Concentration-dependent β-cyclodextrin-promoted refolding of gold nanoparticles-conjugated bovine serum albumin complexed with gemini surfactants with different spacer groups

This work demonstrates refolding of unfolded bioconjugated bovine serum albumin [(BSA, 10 mu M):gold nano particles (AuNPs, 0.0124 mu M)] using beta-cyclodextrin (beta-CD). Protein bioconjugates are first unfolded with 0.2 mM of each of gemini surfactants, 12-4-12,2Br and 12-8-12,2Br-that have hydrophobic spacer groups of different lengths. At this concentration of a gemini surfactant, protein bioconjugates remain in compressed form due to strong hydrophobic interactions imparted by highly hydrophobic microdomain within the core of the gemini micelles formed along the chain of a bioconjugate. The compressed protein bioconjugates get relaxed in presence of a low concentration of beta-CD which strips off surfactant molecules from bioconjugate-micelles complexes. Relaxed denatured protein bioconjugates then get refolded once remaining surfactant molecules are stripped off at a higher concentration of beta-CD. A step-wise refolding process of bioconjugated protein chains exactly opposite to the unfolding is noted.
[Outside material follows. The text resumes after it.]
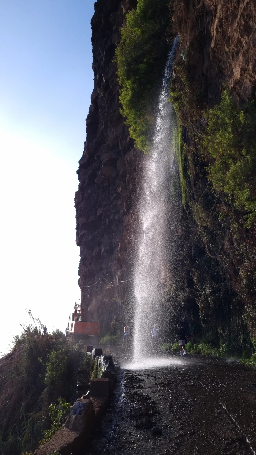 하이킹을 마치고 늦은 시간에 숙소로 향하며 마지막으로 Ponta do sol이라는 곳에 들렸다. 이곳에도 낙석으로 폐허가 된 도로가 유명한데 폐허 자체는 어제 일정 중 우연히 발견한 폐도로만큼 세기말적인 모습이 아니었다. 대신에 이곳은 폐도로 위로 쏟아지는 폭포가 유명하다.

Binding isotherms are constructed using Forster's resonance energy transfer (FRET) and nanometal surface energy transfer (NSET) parameters calculated based on energy transfer process occurs between Trp residues and AuNPs. a-helix of protein bioconjugates remains in inverse relationship to beta-turns during refolding by beta-CD. Refolding is found to be more in presence of 12-8-12,2Br- than 12-4-12,2Br-. Secondary/ tertiary structural changes of refolded BSA, on being bioconjugated, have been determined through various spectroscopic analysis. An approach towards construing the refolding of denatured AuNPs-bioconjugates as potential materials and impacts of AuNPs on conformations of refolded protein is presented here.

Automated summary

This work demonstrates the reverse refolding process of unfolded bioconjugated proteins using beta-cyclodextrin (beta-CD). The compressed protein bioconjugates relax in the presence of a low concentration of beta-CD and then refold once remaining surfactant molecules are removed at a higher concentration of beta-CD. The secondary/tertiary structural changes of the refolded protein have been determined through spectroscopic analysis. This study provides insights into the protein folding process and its potential applications in materials science.